The EMT is a transdifferentiation program allowing the epithelial cell to lose their adherent junctions, to lose the apical-dorsal polarity, to gain migration properties and also gain resistance to apoptosis. Mesenchymal cells become capable to degrade the cell membrane and migrate from the epithelium of origin. This complex activity is driven by molecular processes such as the loss of E-cadherin expression (a cell surface protein), change in the expression of transcription factors, the expression of several new proteins like Vimentin and proteases as well as the changes in RNA and Dicer expression.
There are 3 types of EMT
Type 1 This type refers to the EMT during placenta implantation. The process is initiated by a specific trophoblast subtype, that is Extra villous cytotrophoblast. Further, next stage of the EMT process is gastrulation. EMT plays a  major role in mesoderm formation and further in organs developments.
Type 2. This refers to EMT in the tissue repair and fibrosis processes.
Type 3 It concerns tumorigenesis in cancer progression and metastasis process.
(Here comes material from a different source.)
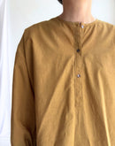 maison de soil(メゾン ド ソイル)のバンガロール コットンシルク プルオーバーシャツ。 南インドで丁寧に織られたコットン60%・シルク40%の生地を使用しています。縦糸には20/22DNのシルク、横糸には太めの60番コットンを用い、しっかりとした打ち込みによって光沢感とマットな質感を兼ね備えた独特の風合いを生み出しています。 生地染めによる深みのある色合いが魅力で、シンプルなプルオーバーシルエットに品の良さをプラス。ナチュラルながらもエレガントに着こなせる一枚です。インド製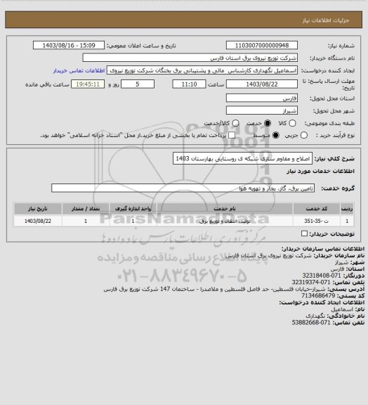 نام سازمان خریدار: شرکت توزیع نیروی برق استان فارس

In embryonic developments, the regulation of EMT and EMT inducers the process is orderly and has an end for the organ or body functioning. The EMT in cancer is a process in which regulation is disordered and unpredictable. The reactivation of embryonic process is related to a severe prognosis.
The technical scientific conquests helps us understand the EMT, which is found in many organ developments and highlights the association of cellular processes with molecular ones. These data highlight the behavior of migratory cells both in physiological conditions (embryonic development, wound healing) and in pathological conditions and confirms that EMT is an important step in the metastatic cascade of carcinomas. The markers characterization will help to identify the nature and origin of all mesenchymal cells found in the tumor, stroma or near the tumor.